On Thu, 19 Dec 2002, Dean Brooks wrote:
> However, what if a stream of 10,000 messages come in for a long-term
> failed host? Under the new proposal, will each message be retried
> immediately upon receipt even if the IP was confirmed to be down 2
> minutes ago? If so, that would seem extremely wasteful of our
> precious resource, especially given that connect timeouts may be on
> the order of minutes per message.
Indeed, that is the worrying case.
> If a message is past it's long retry time, could the final retry
> attempt be forced to occur by a queue-runner (i.e. put on queue
> without immediate retry)?
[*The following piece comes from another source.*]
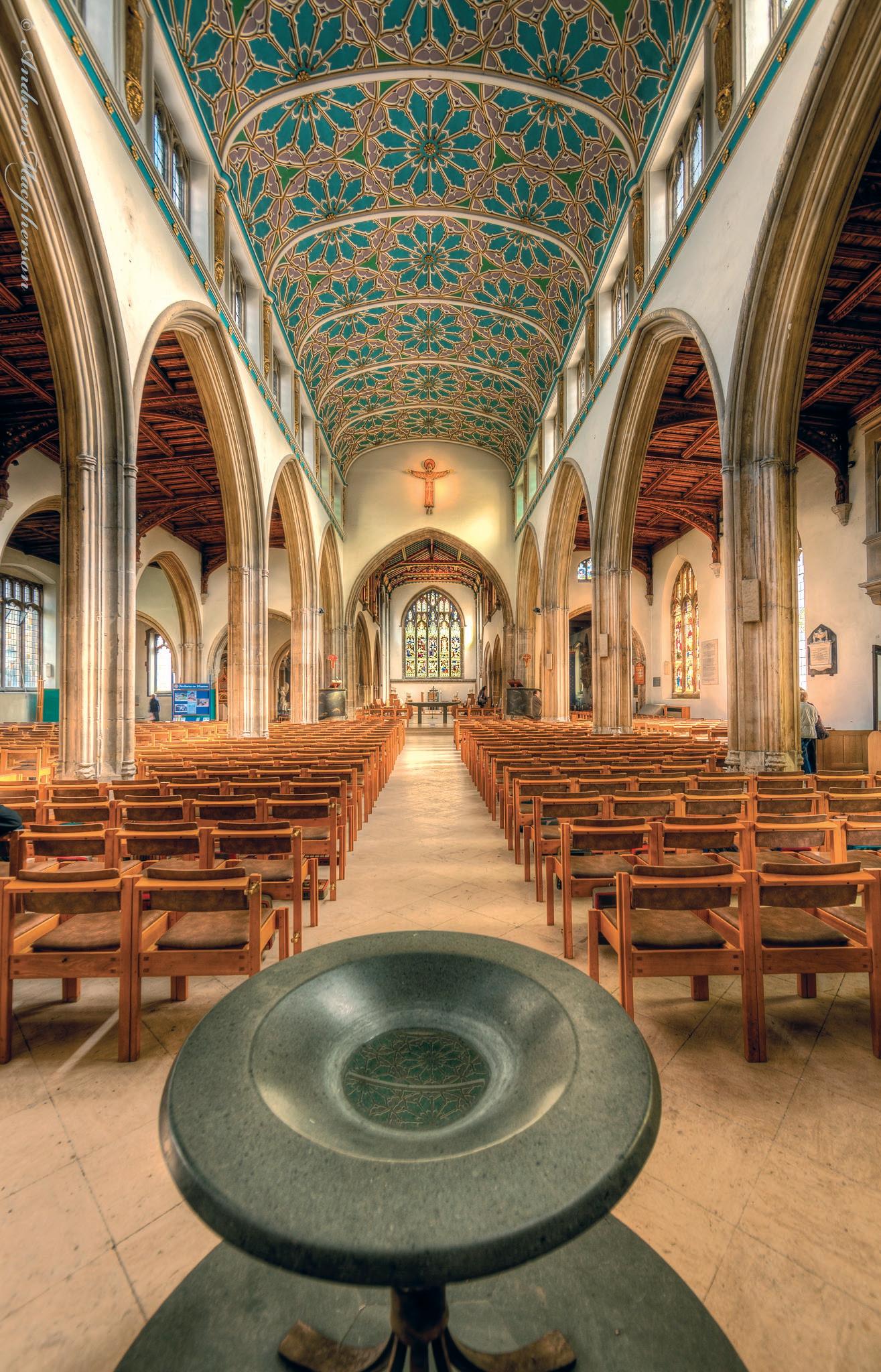 As well as being President of the RCO, Catherine Ennis is also Organist and Director of Music at St Lawrence in Jewry, a fine Wren church near the former medieval Jewish ghetto rebuilt in 1677 after the Great Fire of London and then again in 1957 after suffering extensive damage during the Blitz. It is now a guild church and the official church of the City of London Corporation. Like most Wren churches, few walls are at right angles, but the ‘sumptuous barn’ white interior with its gold leaf and chandeliers is spectacular.

At least then the queue runner could
> attempt to route a single message and then batch-fail the rest
> immediately, rather than immediately trying to connect on every single
> new incoming message?
That's an interesting idea. I wondered whether I could make the rule
that long-term timeouts happen only in queue runners. However, after
thinking about it, I decided it was not a good idea because of the case
where you want never to retry (for certain hosts or certain errors, for
example). People will expect the bounce on the first attempt.
After further thought and code inspection (which reminded me that this
also interacts with hosts_max_try) I've decided that instead of stirring
things up here, I'll leave things as they are. (Maybe try to make the
docs clearer.)
Except for one thing. The retry rule in the default configuration has a
final retry interval of 6 hours. This means that a resurrected host may
not get noticed for up to 6 hours. This now seems to me to be rather a
long time, so I'm thinking of adding an extra retry algorithm on the end
to add one additional period of 3 hours just so that there isn't quite
such a long delay before trying an expired host (once).
--
Philip Hazel University of Cambridge Computing Service,
ph10@??? Cambridge, England. Phone: +44 1223 334714.